* **MATERIAL TO PROCESS**

- - -

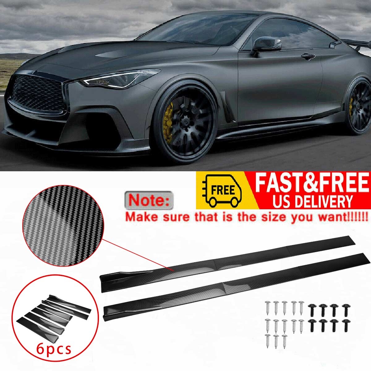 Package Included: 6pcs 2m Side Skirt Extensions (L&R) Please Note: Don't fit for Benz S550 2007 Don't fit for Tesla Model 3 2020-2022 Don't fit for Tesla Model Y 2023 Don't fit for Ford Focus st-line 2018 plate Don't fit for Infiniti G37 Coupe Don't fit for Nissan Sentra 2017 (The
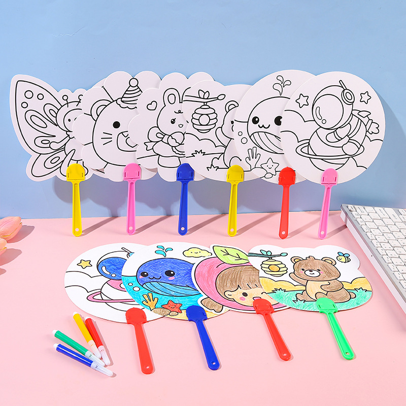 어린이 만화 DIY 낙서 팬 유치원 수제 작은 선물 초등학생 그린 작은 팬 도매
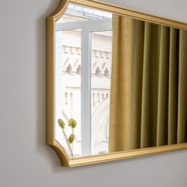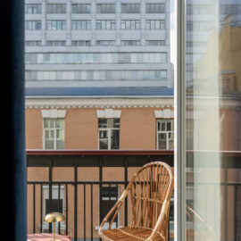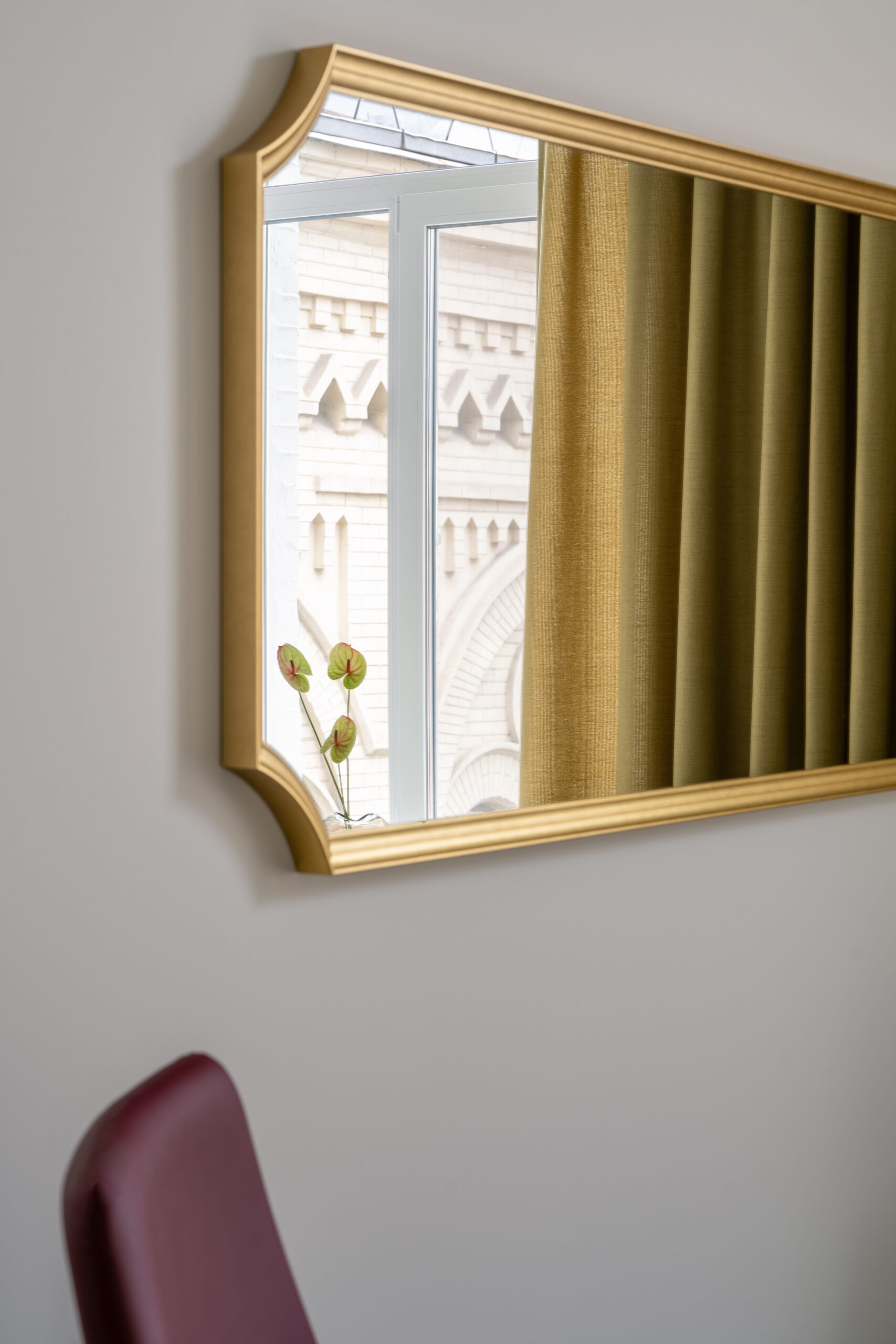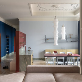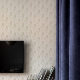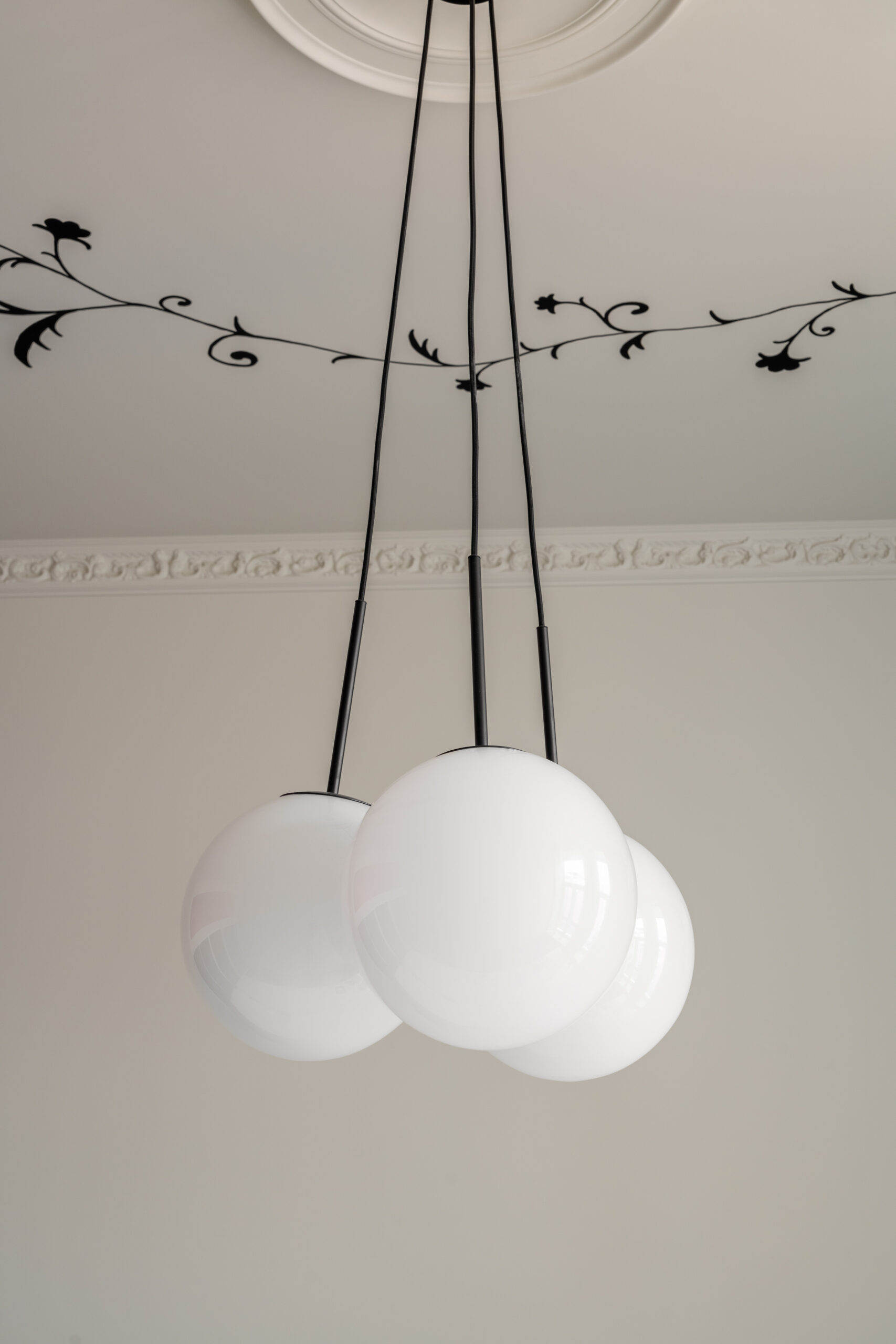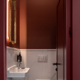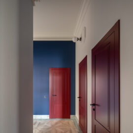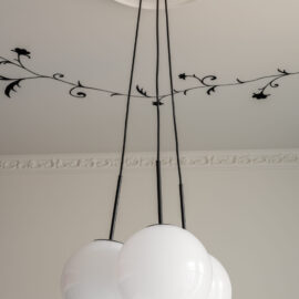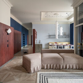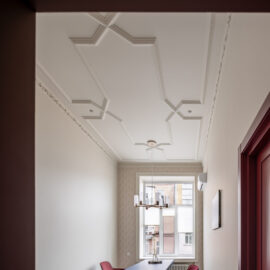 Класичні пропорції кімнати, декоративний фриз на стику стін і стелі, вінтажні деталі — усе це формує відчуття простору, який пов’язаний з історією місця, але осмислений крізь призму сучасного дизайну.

- - -

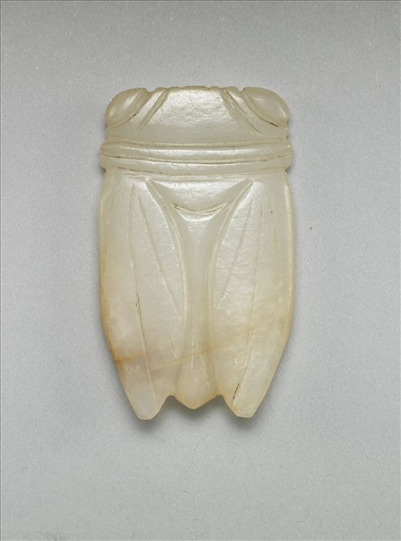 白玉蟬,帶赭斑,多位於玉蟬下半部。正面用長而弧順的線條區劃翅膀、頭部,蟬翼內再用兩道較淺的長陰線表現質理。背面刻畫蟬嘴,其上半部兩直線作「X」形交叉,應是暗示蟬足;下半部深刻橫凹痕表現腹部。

- - -

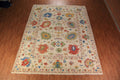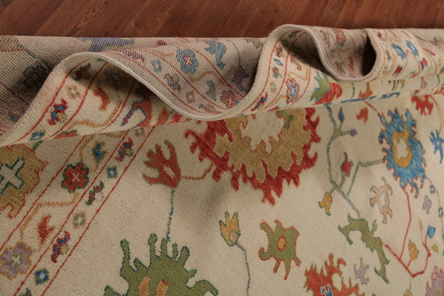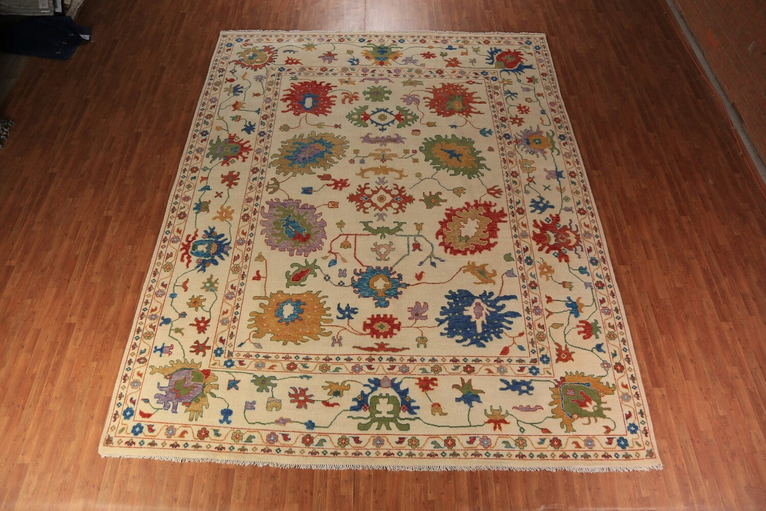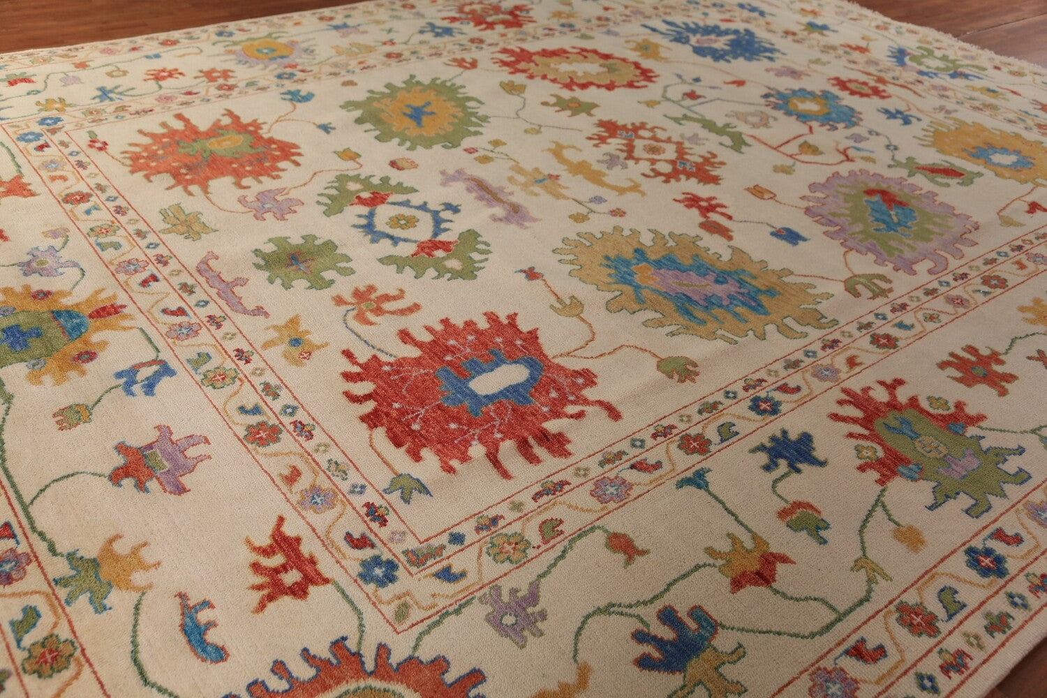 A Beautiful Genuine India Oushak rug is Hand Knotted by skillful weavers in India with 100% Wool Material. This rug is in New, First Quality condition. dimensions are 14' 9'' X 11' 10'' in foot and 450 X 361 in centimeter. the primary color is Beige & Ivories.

- - -

* **WHAT TO DO**
Copy nothing but the lines above that run from the one with "Package Included: 6pcs" to the one with "Класичні пропорції кімнати, декоративний", ends included; pictures stay out.

* **SOLUTION**
 Package Included: 6pcs 2m Side Skirt Extensions (L&R) Please Note: Don't fit for Benz S550 2007 Don't fit for Tesla Model 3 2020-2022 Don't fit for Tesla Model Y 2023 Don't fit for Ford Focus st-line 2018 plate Don't fit for Infiniti G37 Coupe Don't fit for Nissan Sentra 2017 (The
 어린이 만화 DIY 낙서 팬 유치원 수제 작은 선물 초등학생 그린 작은 팬 도매
 Класичні пропорції кімнати, декоративний фриз на стику стін і стелі, вінтажні деталі — усе це формує відчуття простору, який пов’язаний з історією місця, але осмислений крізь призму сучасного дизайну.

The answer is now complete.